▸ **Task instructions**
Retype the lines of the listing below exactly, but only those from the one containing "This table displays" through the last line; pictures stay out.

▸ **The data**
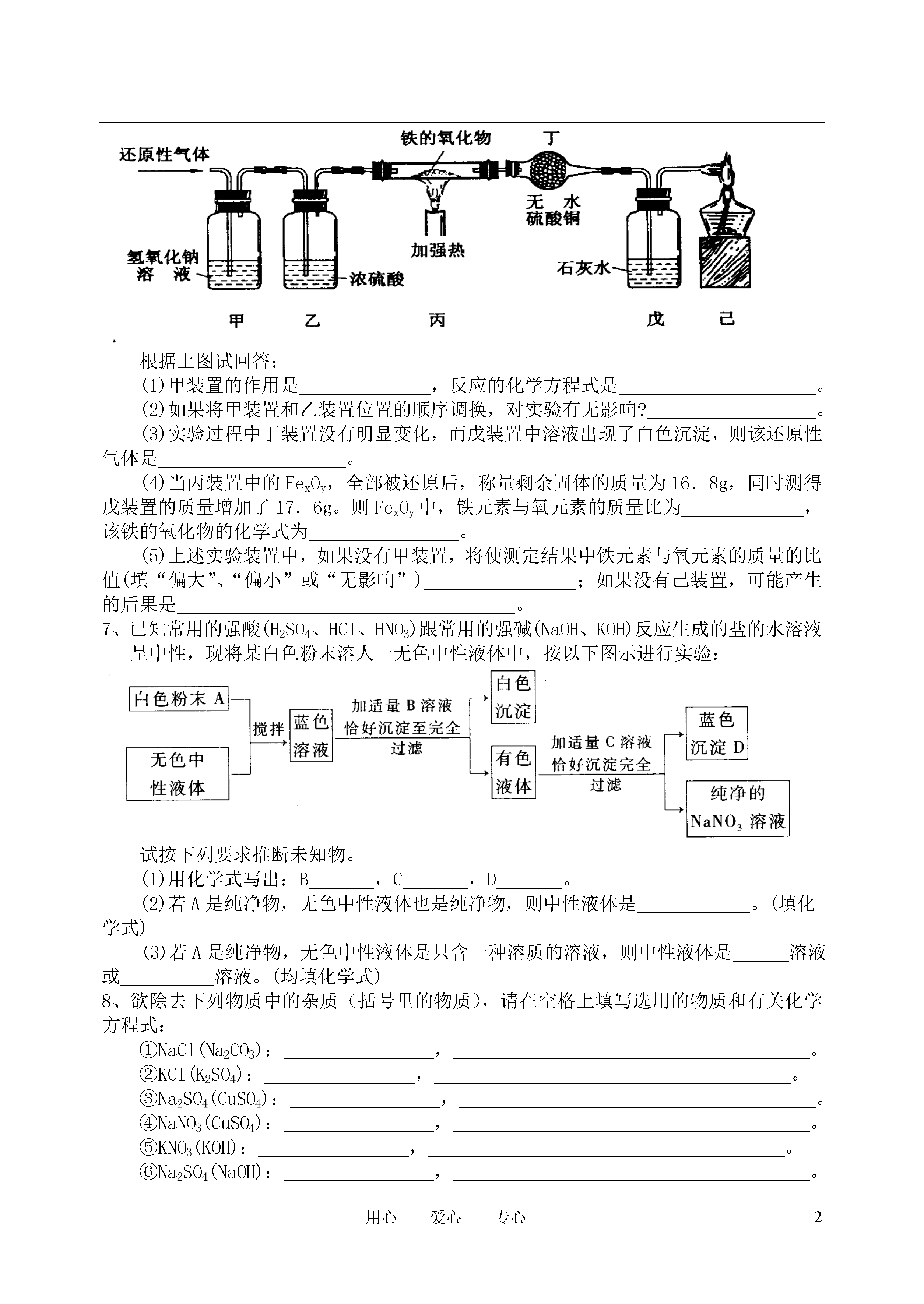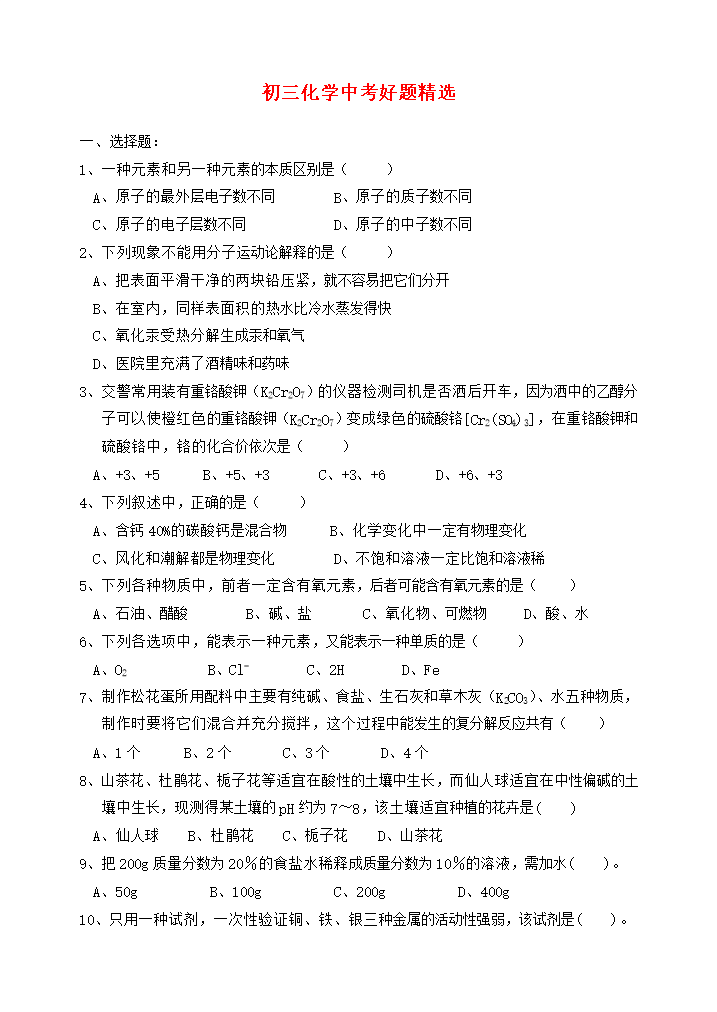 2用心爱心专心初三化学中考好题精选一、选择题:1、一种元素和另一种元素的本质区别是()A、原子的最外层电子数不同B、原子的质子数不同C、原子的电子层数不同D、原子的中子数不同2、下列现象不能用分子运动论解释的是()A、把表面平滑干净的两块铅压紧,就不容易把它们分开B、在室内,同样表面积的热水比冷水蒸发得快C、氧化汞受热分解生成汞和氧气D、医院里充满了酒精味和药味3、交警常用装有重铬酸钾(K2Cr2O7)的仪器检测司机是否洒后开车,因为洒中的乙醇分子可以使橙红色的重铬酸
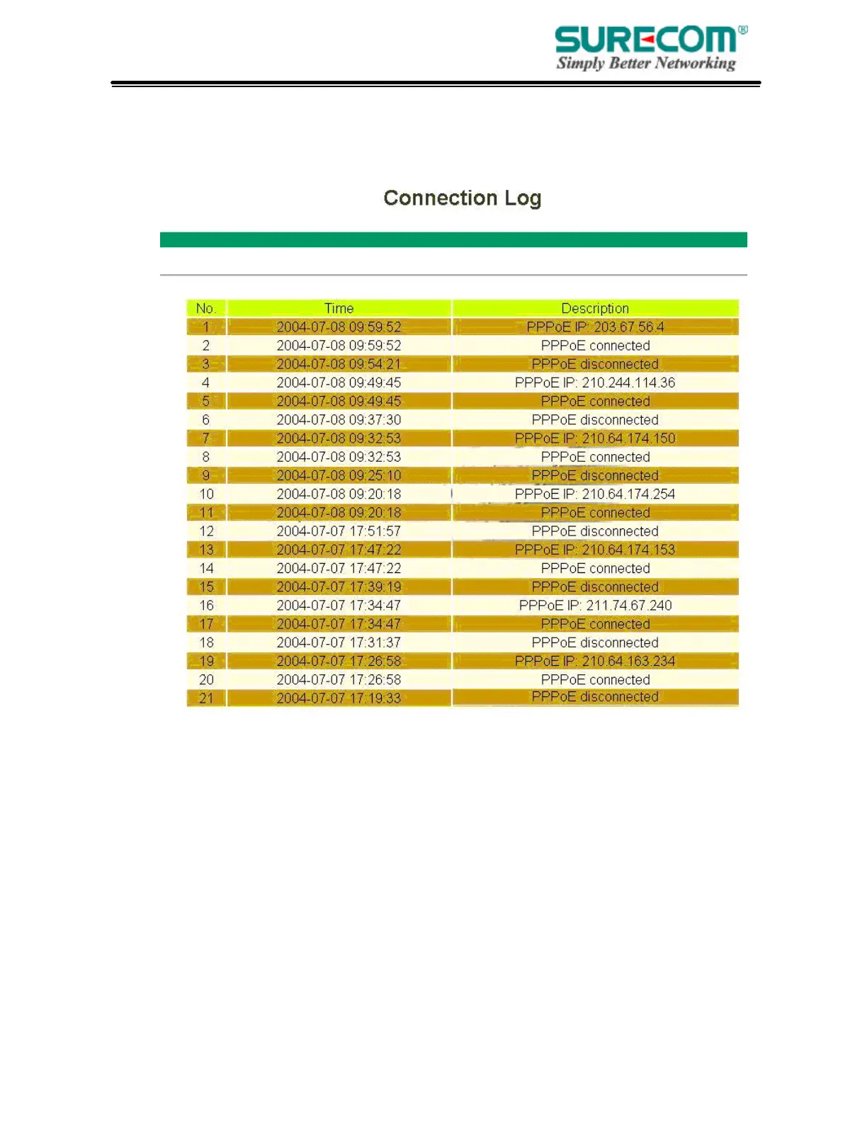 This table displays the connection history of PPPoE and DHCP. You can click “Reload” to get the latest
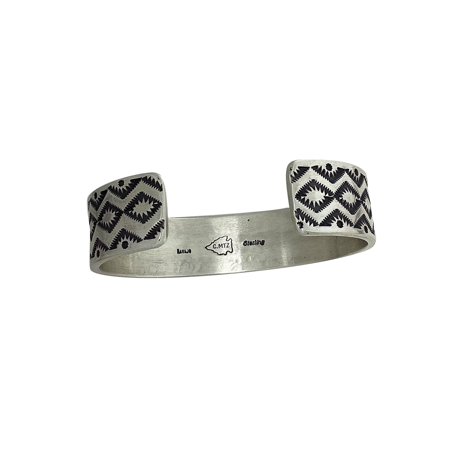 Navajo silversmith Calvin Martinez creates his silver in a workshop that he has been perfecting for decades. He has accumulated a collection of unique tools and stamps that give his work that one-of-a-kind look. Calvin is an old school metalsmith that works in the traditional ways. Early silversmiths didn't have the luxury of silver plates, and that is why Calvin continues to melt silver scrap into shapes that he can hammer into bracelets. This bracelet is one of his incredible creations that is narrow and allows you to wear them stacked with your other favorites. We have put a selection of these cuffs up on the online trading post. Each is finished with its own original stamp design. A great lifestyle piece to show your appreciation of traditional handmade.

▸ **Reply**
 This table displays the connection history of PPPoE and DHCP. You can click “Reload” to get the latest
 Navajo silversmith Calvin Martinez creates his silver in a workshop that he has been perfecting for decades. He has accumulated a collection of unique tools and stamps that give his work that one-of-a-kind look. Calvin is an old school metalsmith that works in the traditional ways. Early silversmiths didn't have the luxury of silver plates, and that is why Calvin continues to melt silver scrap into shapes that he can hammer into bracelets. This bracelet is one of his incredible creations that is narrow and allows you to wear them stacked with your other favorites. We have put a selection of these cuffs up on the online trading post. Each is finished with its own original stamp design. A great lifestyle piece to show your appreciation of traditional handmade.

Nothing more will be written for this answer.